In the end, the key is Freedom. Not escape. For escape doesn’t really change the environment or the narrative around us. Escape is merely an action of running away from something… without committing to something different. Conversely, true freedom is liberation. Liberation from living our lives solely or primarily in reaction to the expectations, judgments, and the ‘rules of the game’ imposed externally upon us. Liberation from our felt-need to judge every thought that comes into our head from the perspective of someone else. Liberation from the deceptive, but false, comforts of ‘permanence’ and the attachments of our lives. Liberation from the reality-fleeing behaviors that merely mask our spiritual unhappiness and emptiness. Liberation from the self-imposed disempowerment created by too many of our traditions, rituals, and beliefs. And liberation from our self-surrender to a life within a fishbowl.

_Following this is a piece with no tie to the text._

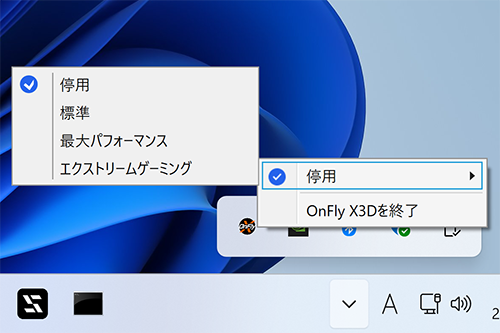 X870E AERO X3D WOODでは、X3D Turbo Mode 2.0はデフォルトで「オフ(Disabled)」に設定されており、任意で3種類の動作モードを選択できる。X3D Turbo Mode 2.0の設定はBIOSメニューで行えるほか、「OnFly X3D」というユーティリティを導入することでWindows上からも変更できる。

We need freedom and liberation. True freedom starts when we leave the fishbowl and our false fish mask personas aside. When we finally step back with new curiosity, wonder, and openness to look at ourselves with greater love and objectivity. Then commit to real intentionality and daily discipline in making the changes needed to live our lives more fully and spiritually. Within God’s love, grace, and dignity. True freedom arrives when we strive, each and every day, toward greater capacity… not captivity. When we strive toward hope… not a safe habitat. When we strive toward possibility… not imprisonment. When we strive toward freedom… not fishbowls. When we strive toward a better ‘view’. A view from outside the fishbowl for a change.